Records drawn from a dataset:
━━━━━━

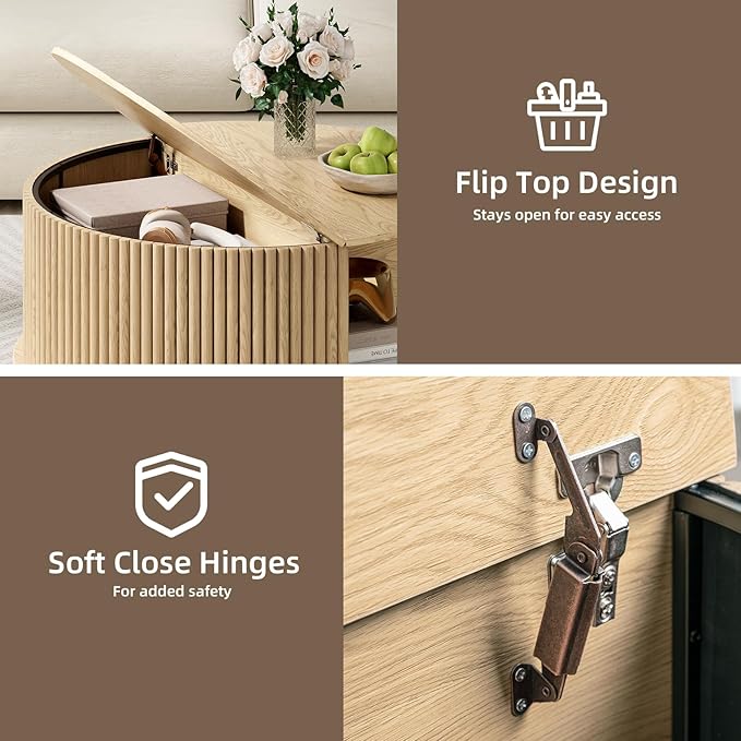 - Ample Hidden Storage with Lift Top: This lift top coffee table features a flip-top design that opens to a spacious hidden compartment, making it the perfect storage coffee table for books, remotes, and daily items. Keep your living room organized while enjoying quick and easy access to essentials
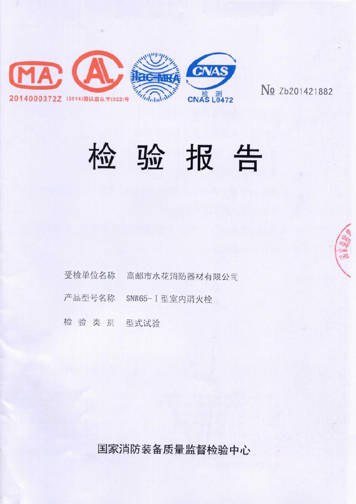 我廠創辦于一九七六年六月,現有職工600人,其中各類技術和管理人員68人。擁有固定資產5000萬元,占地面積35000多平方米,建筑面積25000多平方米。建立了完善的質量體系,取得多種“計量合格確認證書”,并成為江蘇及多省的消防協會會員單位。工廠技術力量雄厚,生產和檢測設備齊全,工藝先進。生產“水花”牌水帶接口: KDK65, KD65,KY65,KN65。消防水槍: QZG3.5/7.5, QZ3.5/7.5,QP8/0.7Z泡沫水槍。室內消火栓: SN65, SNW65-I,SNZ65, SNZW65-I。 消防軟管卷盤JPS0.8-19/25。生產的“郵花”牌,消防有襯里水帶:65-8、10、 13、 16、20、 25型; 80-16、 20、25型。水帶接口: KD50、65; KY50、65;KN65。消防水槍: Q2Z3.5/7.5、 5。 室內消火栓: SN65, SNW65-I, SNZ65, SNZW65-I。 并于二零一五年五月通過公安部消防產品合格評定中心3C換版檢驗,獲得以上產品所有的強制認證證書,準予生產和銷售,產品行銷全國各地,深受廣大用戶好評。
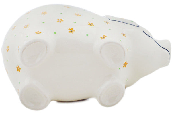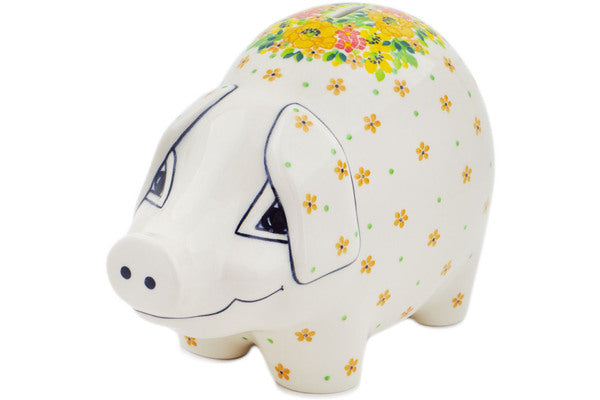 This Bright Spring 9" Piggy Bank was handmade and hand decorated in Boleslawiec, Poland by skilled artisans according to old traditional methods. This is a Polish pottery Signature Unikat, which means that it has been hand painted with both sponges and brushes and it is signed by the artist who painted it. Unikat pieces are the most intricate works of art. Larger Unikat items take hours of very careful work to finish. This Polish stoneware is microwave, dishwasher, freezer, and oven safe up to 480°F. It does not contain lead or cadmium. It is part of the Bright Spring Collection.
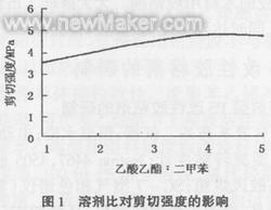 從圖中可以看出,隨著溶劑比的增大,也就是乙酸乙酯的比例上升時(shí),改性液的剪切強(qiáng)度增大,到溶劑比為4:1此后,又有所下降。其原因可能是由于乙酸乙酯的極性較大,一方面對賜有改性作用,另一方面,能與被粘材料的表面形成分子間的相互作用力,因此,提高了剪切強(qiáng)度;而且它揮發(fā)的較快,正好滿足了環(huán)氧樹脂固化以后殘留溶劑少,而提高剪切強(qiáng)度的要求。因此,它比例增大而膠液強(qiáng)度上升。但乙酸乙酯比例太大時(shí),由于它沸點(diǎn)低,揮發(fā)快,當(dāng)膠接邊緣固化以后,內(nèi)部的溶劑有可能長期處于液態(tài)或半固態(tài),影響粘接效果而使剪切強(qiáng)度略有下降。
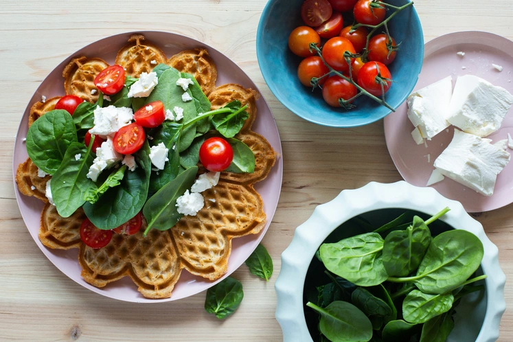 Spinat, ost og tomat er en klassisk kombinasjon som passer overraskende godt på vafler. Legg spinat på en hel vaffelplate, dryss over cherrytomater delt i to og smuldre litt Apetina på toppen så har du en deilig lunsj klar på 1-2-3.
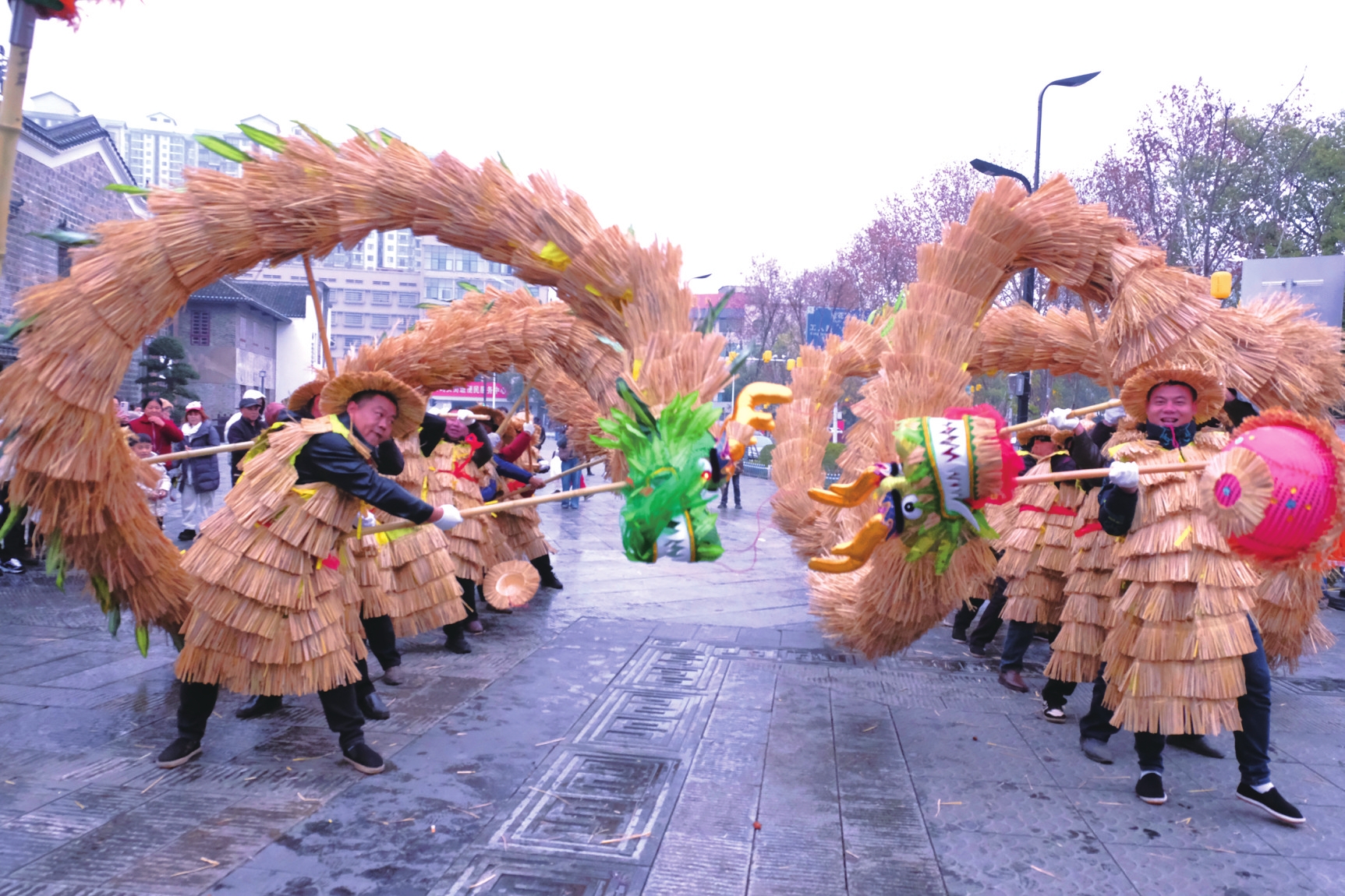 稻草龙在明清古巷巡游迎新年。陈徐文倩摄
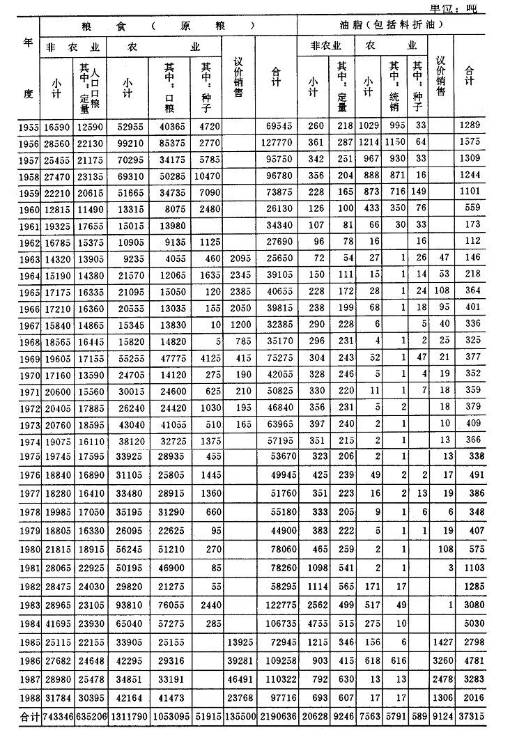 1955年至1988年共销售粮食219063.6万公斤,油脂(包括料折油)3731.5万公斤。
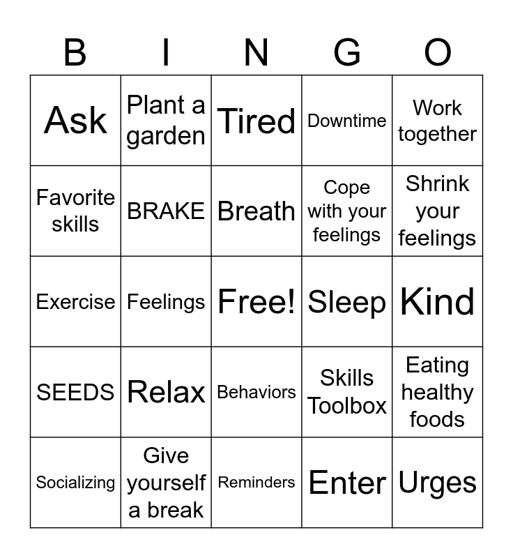 This bingo card has a free space and 27 words: Skills Toolbox, Manage your feelings, Cope with your feelings, Reminders, Favorite skills, Tired, Plant a garden, SEEDS, Sleep, Eating healthy foods, Exercise, Downtime, Socializing, Give yourself a break, Shrink your feelings, Deep Breaths, BRAKE, Breath, Relax, Ask, Kind, Enter, Feelings, Urges, Behaviors, Work together and When your brain overheats.
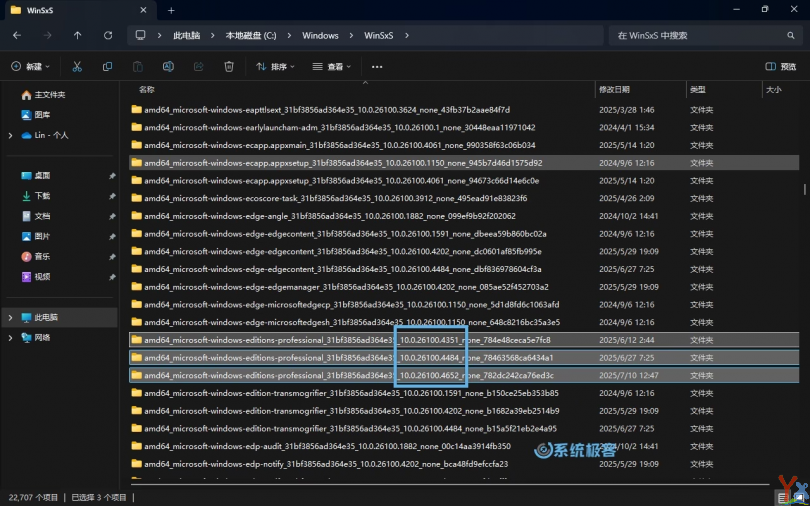 WinSxS 是 Windows 的关键部分,切勿手动删除或修改其中的内容!不当操作可能导致系统崩溃和数据丢失。
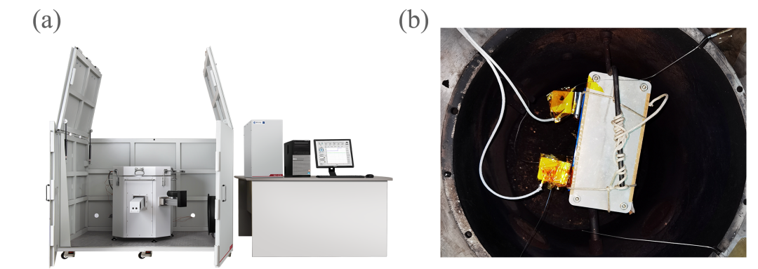 圖1 (a)BAC-420A大型電池絕熱量熱儀和(b)電池樣品安裝示意圖

━━━━━━

TASK GOAL:
With the pictures omitted, print the lines above exactly, beginning at the line with "從圖中可以看出,隨著溶劑比的" and going on through the line with "1955年至1988年共销售".

RESULT OF THE TASK:
 從圖中可以看出,隨著溶劑比的增大,也就是乙酸乙酯的比例上升時(shí),改性液的剪切強(qiáng)度增大,到溶劑比為4:1此后,又有所下降。其原因可能是由于乙酸乙酯的極性較大,一方面對賜有改性作用,另一方面,能與被粘材料的表面形成分子間的相互作用力,因此,提高了剪切強(qiáng)度;而且它揮發(fā)的較快,正好滿足了環(huán)氧樹脂固化以后殘留溶劑少,而提高剪切強(qiáng)度的要求。因此,它比例增大而膠液強(qiáng)度上升。但乙酸乙酯比例太大時(shí),由于它沸點(diǎn)低,揮發(fā)快,當(dāng)膠接邊緣固化以后,內(nèi)部的溶劑有可能長期處于液態(tài)或半固態(tài),影響粘接效果而使剪切強(qiáng)度略有下降。
 Spinat, ost og tomat er en klassisk kombinasjon som passer overraskende godt på vafler. Legg spinat på en hel vaffelplate, dryss over cherrytomater delt i to og smuldre litt Apetina på toppen så har du en deilig lunsj klar på 1-2-3.
 稻草龙在明清古巷巡游迎新年。陈徐文倩摄
 1955年至1988年共销售粮食219063.6万公斤,油脂(包括料折油)3731.5万公斤。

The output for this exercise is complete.